La transformation de l’économie contemporaine sous l’effet de la numérisation des organisations et des processus a parfois profondément affecté la relation entre travailleur et entreprise. Par extension du concept développé par la plate-forme de taxi UBER, ce phénomène a été appelé « UBERISATION ». Il se caractérise notamment par des travailleurs en situation de grande vulnérabilité, très peu protégés par le droit du travail et le statut de salarié qu’il définit.
Les actions en justice intentées par les travailleurs des plateformes pour faire valoir un statut salarié sont de plus en plus nombreuses en Europe. En France, seulement quelques requalifications individuelles ont été prononcées. Depuis plusieurs années, des initiatives parlementaires proposent des alternatives aux dérégulations provoquées par l’ubérisation de l’économie.
Par exemple, la justice du Royaume-Uni a récemment donné raison à un groupe d’une vingtaine de chauffeurs Uber qui estimaient avoir droit au statut de travailleur, compte tenu du temps passé connectés à l’application et du contrôle exercé par le groupe sur leur évaluation par exemple. L’entreprise américaine spécialisée dans la réservation de voitures avec chauffeurs a annoncé mardi 16 mars 2021 dans un communiqué que l’ensemble de ses plus de 70.000 chauffeurs présents au Royaume-Uni bénéficieraient des avantages du statut de travailleur dès le lendemain. Il s’agit d’une première mondiale pour la société américaine et d’un bouleversement pour son modèle économique. Il faut toutefois préciser que ce statut, même s’il peut être considéré comme un progrès, est peu comparable au statut de salarié du droit français.
C’est dans l’intention de faire accèder ces travailleurs au statut de salarié du droit français que s’inscrit la proposition de loi visant à lutter contre l’indépendance fictive permettant des requalifications en salarié par action de groupe et en contrôlant la place de l’algorithme dans les relations commerciales dont Franck Montaugé est l’un des coauteurs. Cette proposition entend répondre à la redéfinition du statut des travailleurs des plateformes et à une meilleure protection en :
- créant une procédure de requalification par action de groupe (article 1). Une solution d’autant plus juste qu’elle permettrait à nombre de ces travailleurs précaires et pauvres de faire valoir leurs droits devant les tribunaux, eux qui n’en ont aujourd’hui pas les moyens à titre individuel.
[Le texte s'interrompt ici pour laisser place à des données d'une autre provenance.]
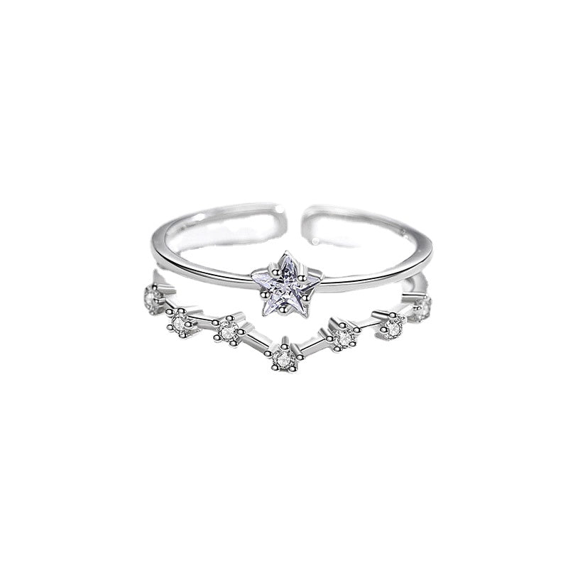 This elegant Zircon Star Double Layers Silver Ring has an opening design and features two layers of exquisitely crafted in sterling silver. The top layer consists of a star-shaped Zircon. set off by a row of small round Zircons in the other layer. A perfect gift to add a unique and stunning splash of shine to any look.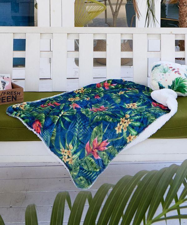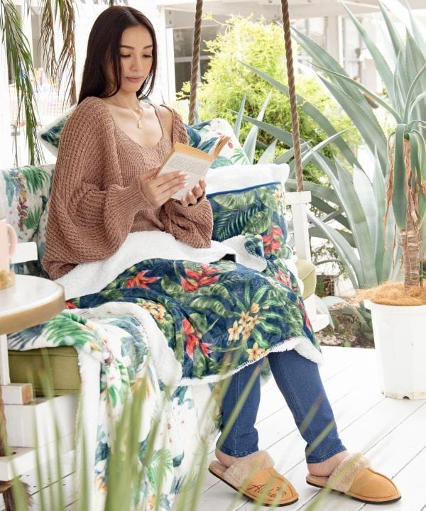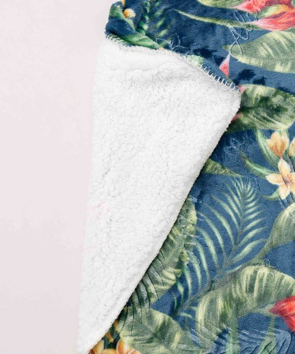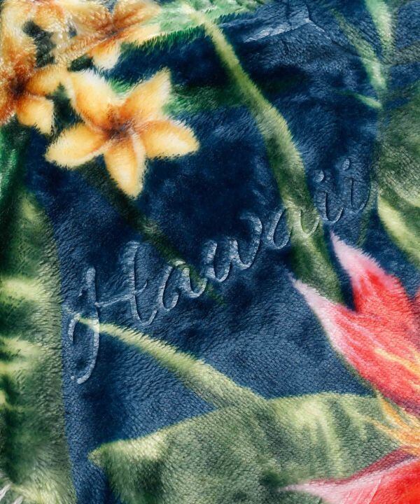 ハワイアンボタニカル柄に、型押しでAlohaロゴやパームリーフ柄が押されている上品な雰囲気のブランケット。Sサイズはひざ掛けとして、赤ちゃんの肌掛けとしてちょうど良いサイズ。パッカブル仕様になっています。鮮やかなボタニカル柄は日々のライフスタイルを素敵に演出してくれます。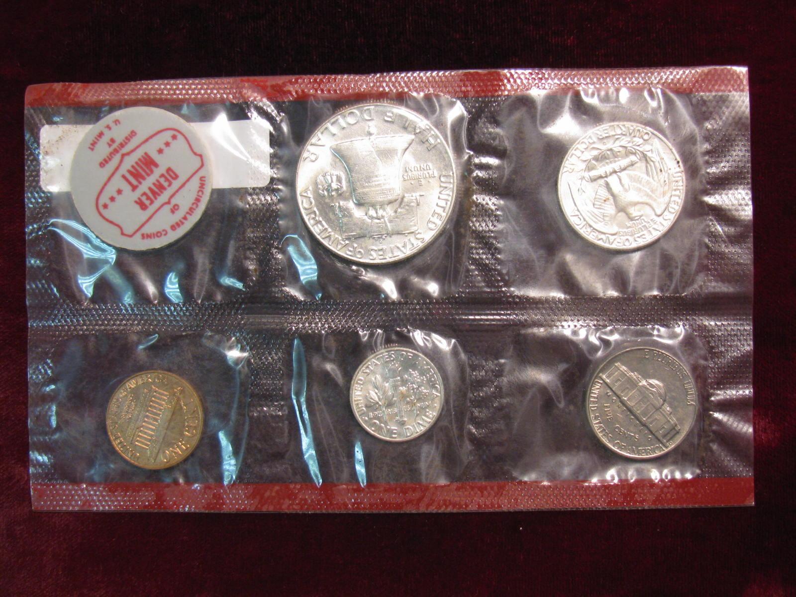 2887. 1963 Denver U.S. Mint Set in original cellophane. No envelope. Includes $.85 face value in 90% Silver BU Coins. Some spots on the cents.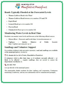 The municipality notes that several roads may be affected by rising water levels, including Thomas-Lefebvre Road, Esprit Road, Léonard Road, Pearson Road, and Passe Road.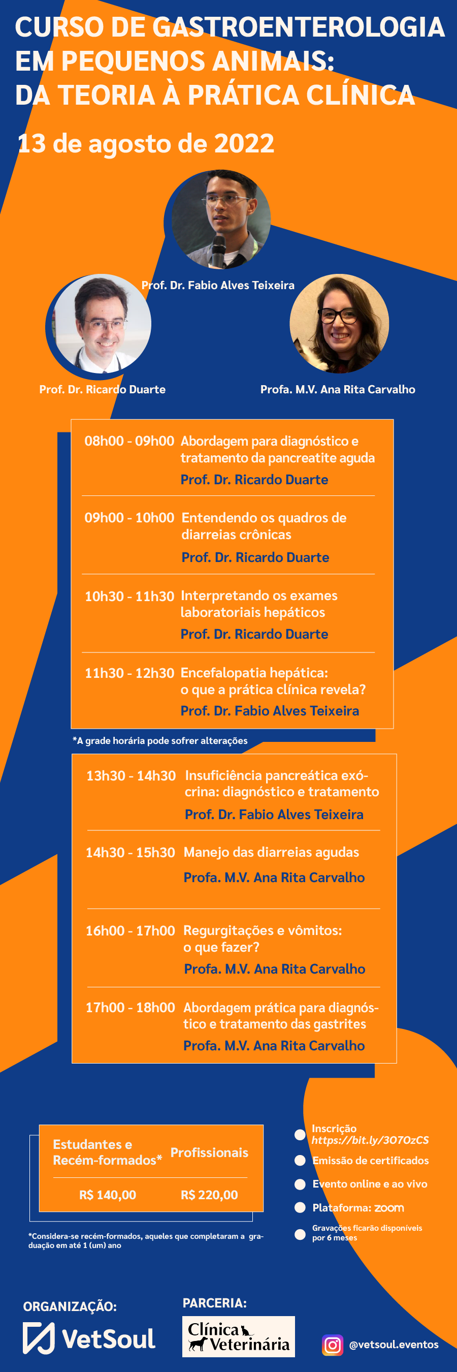 CURSO DE GASTROENTEROLOGIA EM PEQUENOS ANIMAIS: DA TEORIA À PRÁTICA CLÍNICA

- supprimant la présomption de non-salariat issue des lois Madelin de 1994 et Fillon de 2003, et en la remplaçant par une présomption de contrat de travail dès lors que la majeure partie du revenu est issue de l’exploitation d’un algorithme (article 2). Si une plateforme conteste le statut de salarié de l’un ou plusieurs des travailleurs à qui elle fait appel, elle devra prouver leur qualité de travailleurs indépendants.
- donnant la possibilité aux conseils de prud’hommes d’ordonner aux plateformes numériques de travail qui intenteraient des recours pour requalifier des salariés en indépendants, de produire la preuve que l’algorithme n’est pas au centre de la relation contractuelle (article 3).
« L’ubérisation de notre société crée un rapport de force entre les plateformes et les personnes qui travaillent pour elles. Ce rapport est déséquilibré. La crise sanitaire a mis en lumière certains métiers (livreurs à domicile et chauffeurs VTC notamment) révélant leur importance dans les modes actuels de consommation mais aussi l’extrême précarité de ces travailleurs ainsi que le vide de protection sociale et juridique qui les entoure. Il est nécessaire de tenter d’apporter des corrections légales et réglementaires aux dérives qui sont parfois constatées » indique le sénateur Montaugé. « Le droit à la déconnexion, la pénibilité, le contrôle et l’évaluation continus… sont autant de sujets qui restent à traiter pour ces travailleurs » ajoute-t-il.
Comme il l’avait fait précédemment (lire ICI), Franck Montaugé a également cosigné une tribune parue mercredi 17 mars traitant également du thème de l’Ubérisation et du droit du travail. Dans le cadre de ses fonctions, il continue d’être attentif aux impacts de la numérisation de la société.